**About this exercise**
You are asked to repeat the listing word for word and to leave out its pictures.

====================

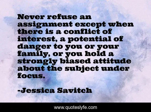 This page presents the quote "Never refuse an assignment except when there is a conflict of interest, a potential of danger to you or your family, or you hold a strongly biased attitude about the subject under focus.". Author of this quote is Jessica Savitch. This quote is about focus, family, conflict,.
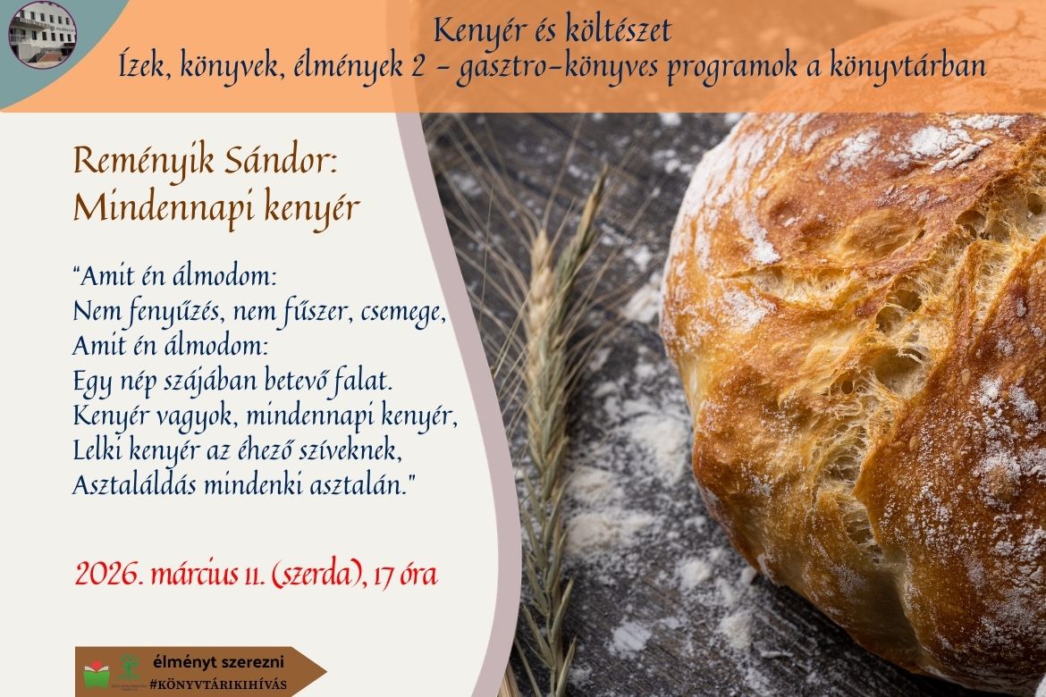 Hír Mar 06 / 0 Hozzászólások Ízek, könyvek, élmények - Kenyér és költészet - IDŐPONTVÁLTOZÁS Kedves Olvasóink! Az Ízek, könyvek élmények programsorozat márciusi Kenyér és költészet című rendezvénye március 11-én 17 órától kerül megrendezésre. Hasonló tartalmak Ajánljunk és olvassunk verseket! Hír Mar 06 Újra üzemel a könyvvisszavevő automata Hír Mar 05 Mesekarnevál 2026 Gyerekkönyvtár Hír Mar 05 Könyvtári bingó 2026 Hír Mar 04 Emlékmentő 04. – A város, mint mikrokozmosz Helyismeret Hír Mar 03 Márciusi programok Hír Mar 02
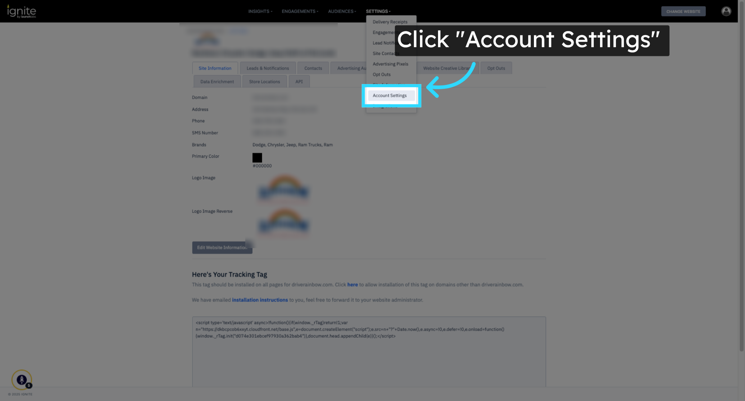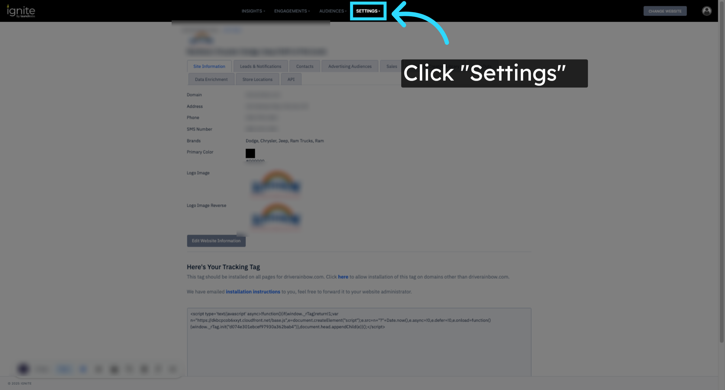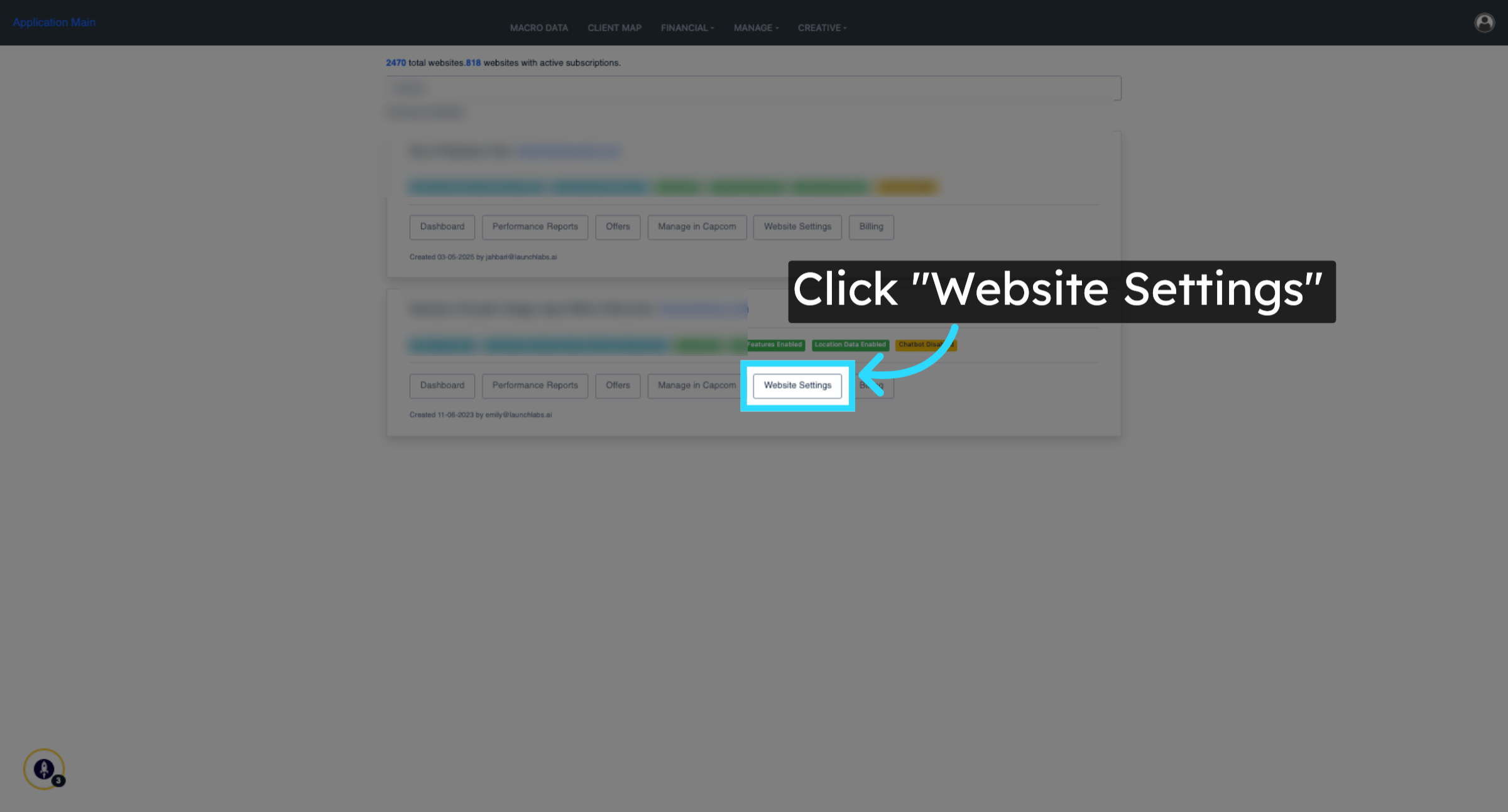 Once you've found the correct website, click Website Settings, then click Settings to access the general settings panel.
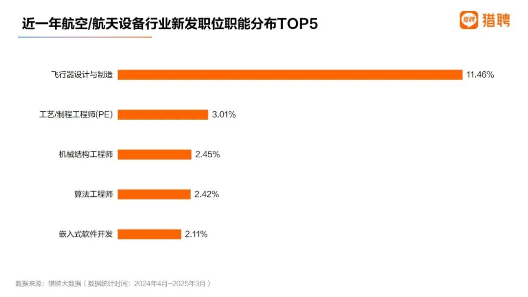 猎聘大数据显示,近一年,在航空/航天设备行业新发职位职能分布TOP5中,“飞行器设计与制造”以11.46%的占比位居首位,远超其他职能。
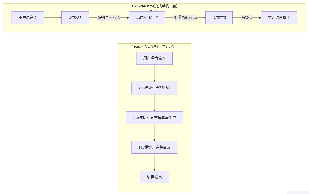 下面是一个简化的Mermaid流程图,展示了传统架构与基于GPT-Realtime的流式架构在处理流程上的差异。
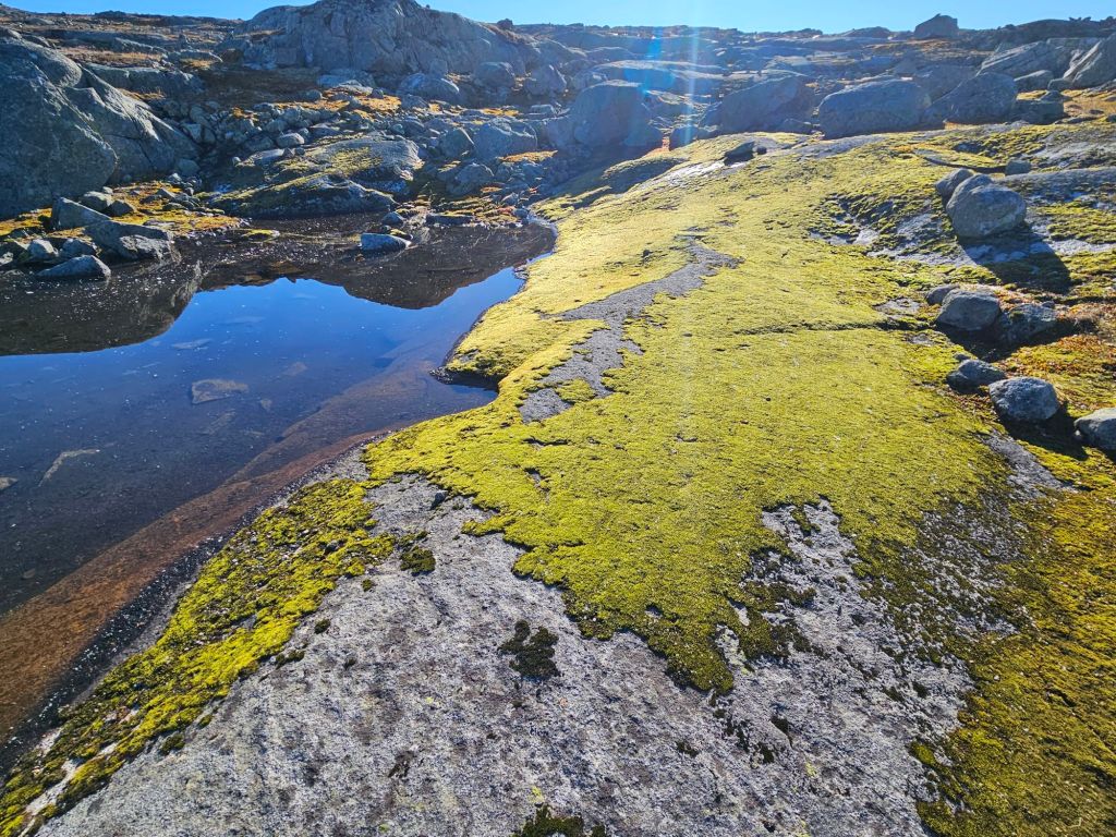 Es wird etwas steiniger und hügeliger am südöstlichen Rand des Plateaus. Die Wege sind aber super begehbar und man sieht an deren Ausmass, dass es hier im Sommer viele Leute hat. Jetzt bin ich praktisch alleine.
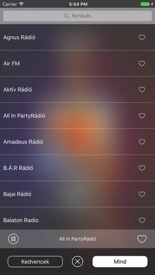 - a rádiók listájában könnyen kereshetsz az állomások között

====================

**Task output**
 This page presents the quote "Never refuse an assignment except when there is a conflict of interest, a potential of danger to you or your family, or you hold a strongly biased attitude about the subject under focus.". Author of this quote is Jessica Savitch. This quote is about focus, family, conflict,.
 Hír Mar 06 / 0 Hozzászólások Ízek, könyvek, élmények - Kenyér és költészet - IDŐPONTVÁLTOZÁS Kedves Olvasóink! Az Ízek, könyvek élmények programsorozat márciusi Kenyér és költészet című rendezvénye március 11-én 17 órától kerül megrendezésre. Hasonló tartalmak Ajánljunk és olvassunk verseket! Hír Mar 06 Újra üzemel a könyvvisszavevő automata Hír Mar 05 Mesekarnevál 2026 Gyerekkönyvtár Hír Mar 05 Könyvtári bingó 2026 Hír Mar 04 Emlékmentő 04. – A város, mint mikrokozmosz Helyismeret Hír Mar 03 Márciusi programok Hír Mar 02
 Once you've found the correct website, click Website Settings, then click Settings to access the general settings panel.
 猎聘大数据显示,近一年,在航空/航天设备行业新发职位职能分布TOP5中,“飞行器设计与制造”以11.46%的占比位居首位,远超其他职能。
 下面是一个简化的Mermaid流程图,展示了传统架构与基于GPT-Realtime的流式架构在处理流程上的差异。
 Es wird etwas steiniger und hügeliger am südöstlichen Rand des Plateaus. Die Wege sind aber super begehbar und man sieht an deren Ausmass, dass es hier im Sommer viele Leute hat. Jetzt bin ich praktisch alleine.
 - a rádiók listájában könnyen kereshetsz az állomások között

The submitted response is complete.